[gnu.gcc] Attitude

karl@triceratops.cis.ohio-state.edu (Karl Kleinpaste) (05/31/89)

Would everyone do me a large favor?  Please push your chair back away
from your desk, take a deep breath, and relax.  Go get yourself a Coke
or a beer or <pick your favorite beverage> and reduce your blood
pressure by a good ten points or more.  Put your feet up for a few
moments.  De-hyperventilate a bit.

Sheesh.

A point or two, mostly reality injections.
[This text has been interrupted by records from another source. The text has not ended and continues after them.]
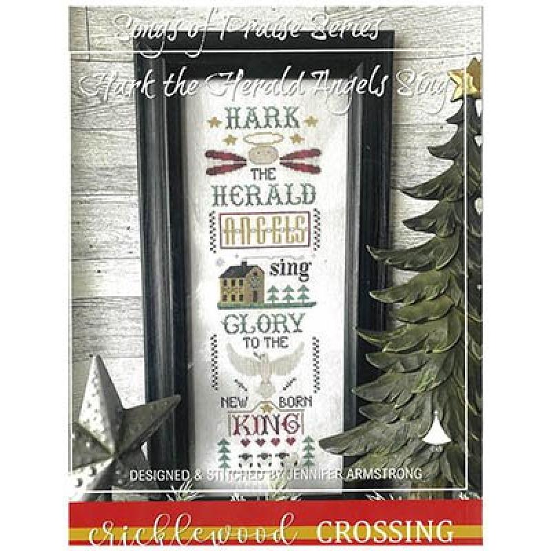 Hark the Herald Stickvorlage, Cricklewood Crossing Weihnachten, Songs of Praise Serie, Christmas cross stitch, Weihnachtslied Stickmuster, Engel Trompete Kreuzstich, festliche Stickvorlage, Holiday Needlework, Weihnachtsdeko Stickerei, klassisches Weihnachtsmotiv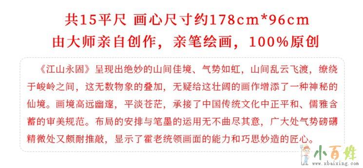 《江山永固》呈现出绝妙的山间佳境、气势如虹,山间乱云飞渡,缭绕于峻岭之间,这无数物象的叠加,无疑给这壮欢迎www.xbaixing.com阔的画作增添了一种神秘的仙境。画境高远幽邃,平淡苍茫,承接了中国传统文化中正平和、儒雅含蓄的审美规范。x_b_a_i_x_i_n_g_c_o_m布局的安排与笔墨的运用无不曲尽其意,广大处气势磅礴精微处又颇耐推敲,显示了霍老统领画面的能力和巧思妙造LFg的匠心。x+b+a+i+x+i+n+g+c+o+mxbaixing.com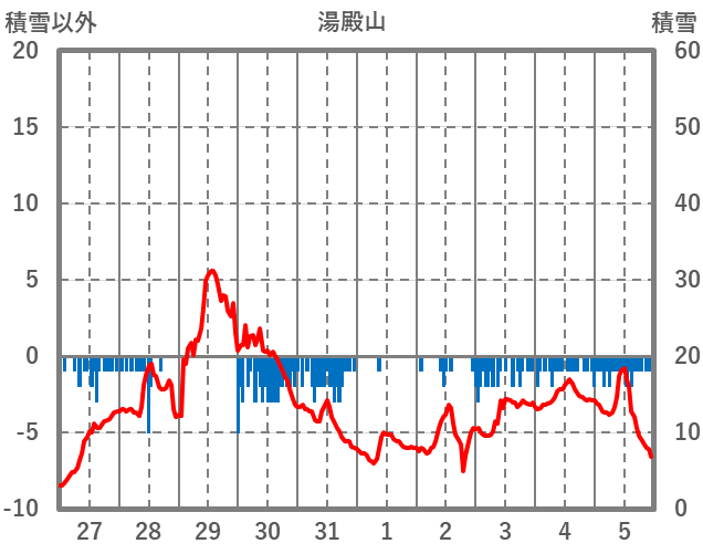 | 日 | 時 | 気温 | 降水 | 風向/風速 | 日照 | 積雪 | 降雪 |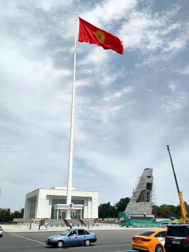 Ve Střední Asii narážíme na vysoko vlající vlajky. V Biškeku ji hlídá stráž, která se pravidelně střídá.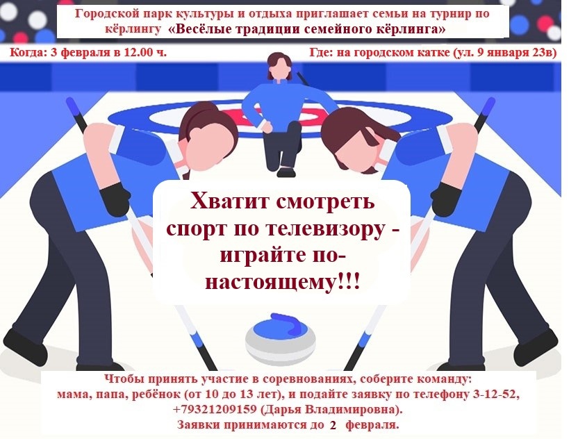Чтобы принять участие в соревнованиях, соберите команду: мама, папа, ребёнок (от 10 до 13 лет), и подайте заявку по телефону 3-12-52, +79321209159 (Дарья Владимировна). Заявки принимаются до 2 февраля.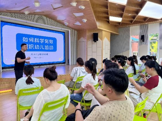 培训过程中,杨老师鼓励教师们积极提问、分享经验。针对老师们的疑惑和问题,他进行了现场交流和解答,使教师们对幼儿园体育教育有了更深入的理解。除本次集中培训外,杨老师每周会到幼儿园进行下园进班指导,带幼儿进行体育活动,与班上老师沟通交流,促进幼儿园体育活动的开展。自2024年3月至6月,共有300余名教师和200余名幼儿参与此项目培训,累计培训500人次。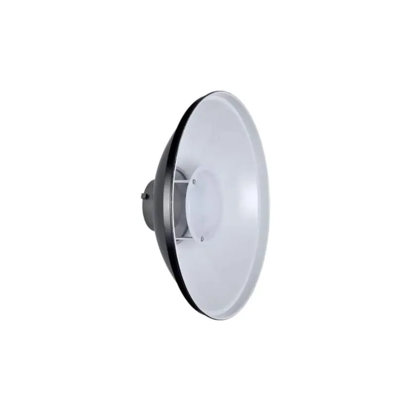 A favorite of fashion and portrait shooters, the White 42cm Beauty Dish Reflector from Godox bounces the light off a centrally positioned deflector and is directed to fill the white reflector interior.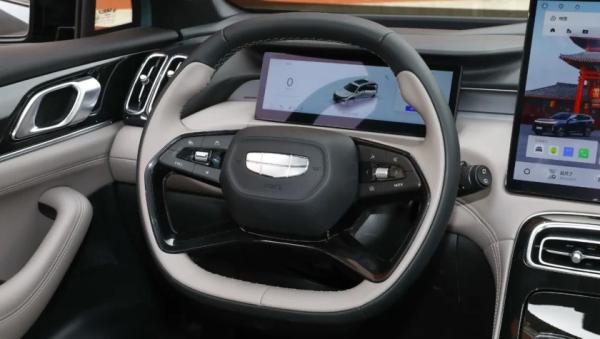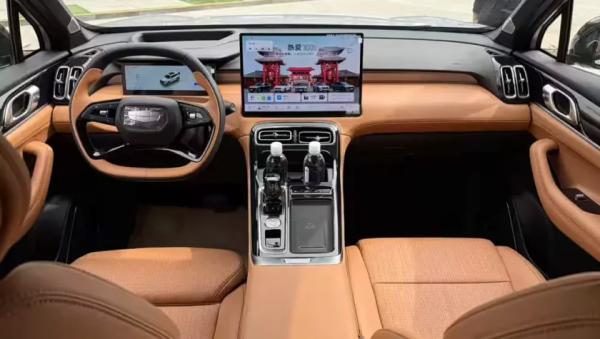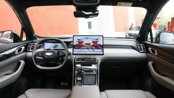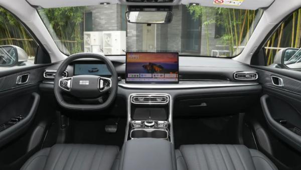 В салоне типичная архитектура передней панели современных китайских автомобилей: по центру установлен крупный квадратный дисплей мультимедийной системы диагональю 15,4 дюйма с разрешением 2,5K — он пришёл на смену прежнему вертикальному экрану. На обновлённом центральном тоннеле сохранился физический селектор трансмиссии, а перед водителем появился новый руль и компактная цифровая приборная панель с виртуальной индикацией.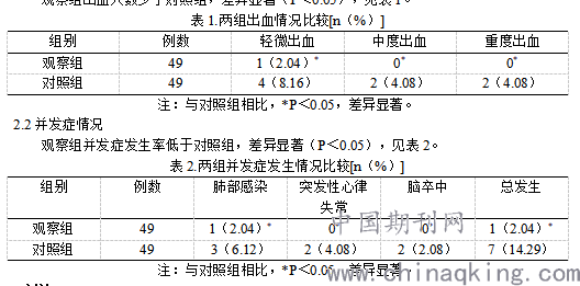 观察组出血人数少于对照组,差异显著(P<0.05),见表1。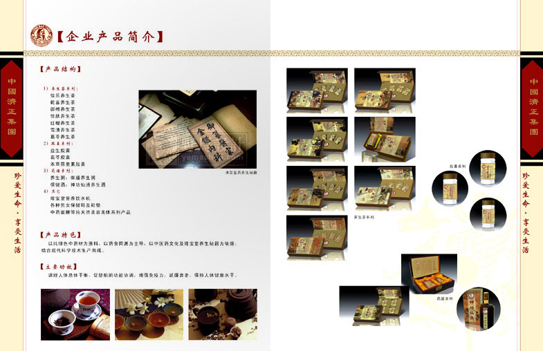 这是一本保健品行业集团公司的宣传册,设计中运用了一些中国传统图形元素,和产品包装、企业发展思路相配合。提出“珍爱生命,享受生活”的理念。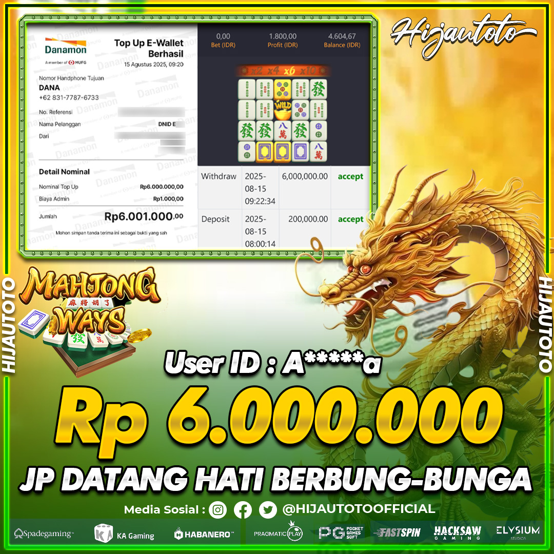 Selamat datang di HIJAUTOTO, tempatnya seru-seruan dan cuan besar! Mulai main cukup dengan modal Rp5.000 aja, taruhan super murah dari Rp100 perak! Mau main slot yang penuh warna? Atau togel dari 20 pasaran paling hits? Atau mungkin tembak ikan yang bikin deg-degan? Tenang, ada juga taruhan bola, sabung ayam, dan live casino yang bikin suasana makin hidup! Daftar sekarang dan dapetin bonus new member 100% langsung, biar modalmu makin tebal. Deposit gampang banget, bisa pakai QRIS, dan kalau butuh bantuan, customer service kita siap 24 jam nonstop. Jadi, tunggu apa lagi? Yuk, gabung dan bawa pulang kemenangannya cuma di HIJAUTOTO!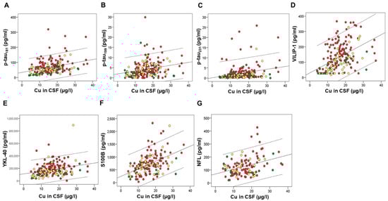 Correlation of CSF biomarkers of AD – p-tau181 (A), ptau199 (B), ptau231 (C), VILIP-1 (D), YKL-40 (E), S100B (F), and NFL (G) with Cu measured in CSF. Red circles represent AD patients, yellow circles represent MCI patients, while green circles represent healthy controls.
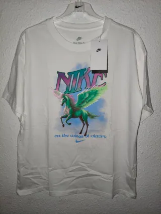 Camiseta de manga corta con un diseño gráfico inspirado en el mito de Pegaso. - Estampado frontal con el logo de Nike y la frase on the wings of victory. - Motivo de Pegaso alado con alas en degradado de colores. - Cuello redondo.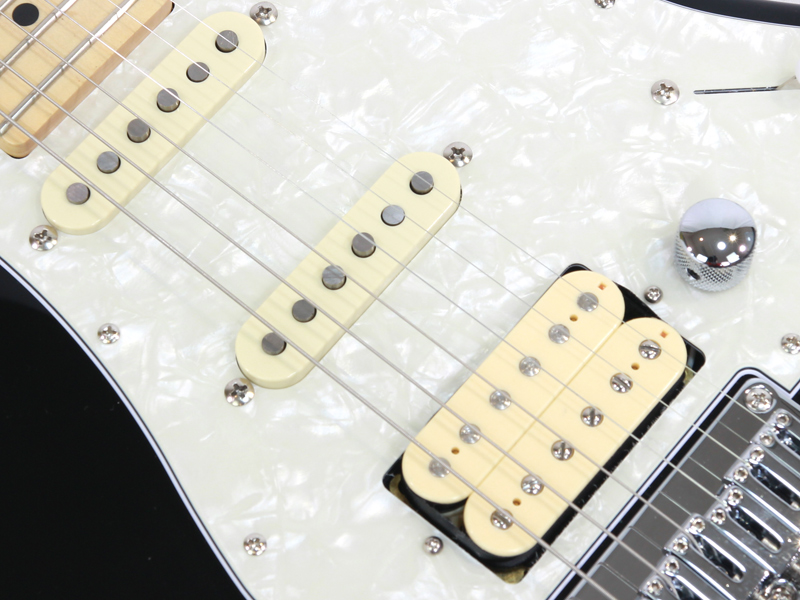 ピックアップはSSH配列。コントロールは、1ボリューム、1トーン、5WAYレバースイッチ。ボリュームとトーンの間にあるミニスイッチはリアPUのコイルタップ機能です。スイッチをONにする(ネック側に倒す)ことでハムバッカーPUの片側のみを鳴らし、擬似的にシングルPUのような歯切れのよいサウンドを得ることができます。

Ownership of mailing lists and/or newsgroups could be asserted to one
degree or another.  For example, Len could shut down the mailing lists
unilaterally and decline to give anyone copies of the old alias files.
"Possession is 9/10ths of the law" and other trite phrases apply.  I
don't think Len would do such a thing (he seems to be too mellow an
individual, frankly), but he *could*.

Similarly, I could bend a lot of people's minds out of shape by
annihilating a dozen aliases from /usr/lib/aliases here, as well as a
dozen lines in my sys file.  That would dry up the info-gcc/gnu.gcc
connection really fast - and thereby nothing written on gnu.gcc would
ever reach RMS, since he gets this stuff via info-gcc rather than
gnu.gcc.

(In exactly identical terms, I "own" two mailing lists, firearms and
firearms-politics.  I exercise rather complete control over them, to
the extent that I installed a "fire extinguisher" filter on firearms
last week in order to forestall certain antisocial tendencies on the
part of certain subscribers.  I can permit or deny access to anyone I
wish.  And I daresay that there are no addresses of the form
.*@apple.com in Len's alias files.)

You will, of course, immediately inform me that you could recreate
either the mailing lists or the gnu.* mail/news gateway yourself.
True enough - post a note to the Usenet in suitable newsgroups, and
you can resurrect the mailing lists; get a copy of Erik Fair's gateway
code, and you can rebuild the mail/news gateway.  However, in the
process of doing so:

[a] You will lose time, the most valuable of commodities; figuring out
the configuration of the gateway alone will take you a month, working
from scratch - it's deeply contorted stuff, hence the occasional
breakages which we find and Bob gets fixed.  It's amazing to think of
the thousands of irritated people out there when breakages happen -
and just think, *you* can take on the privilege of getting the
flammable mail when it happens.  (Bob does essentially all the
news/mail gateway stuff - I am blissfully unaware of any but the
highest-level configuration details.)

[b] You will lose readers/participants, if for no other reasons than
that many would stop participating without RMS' presence, or a lack of
motivation to get re-subscribed to new mailing lists which might or
might not be as well run as Len's.

Granted, transport depends largely upon the ongoing largesse of
governments and corporations which pay to push the bits around.  But
transport control != logistical control.

It's been suggested that taxes paid over the past N years constitute
repayment of debt for work done by CS researchers over that time
period.  That's like asking for first cause in the Palestinian debate.
You're not going to get an answer, so stop asking the question.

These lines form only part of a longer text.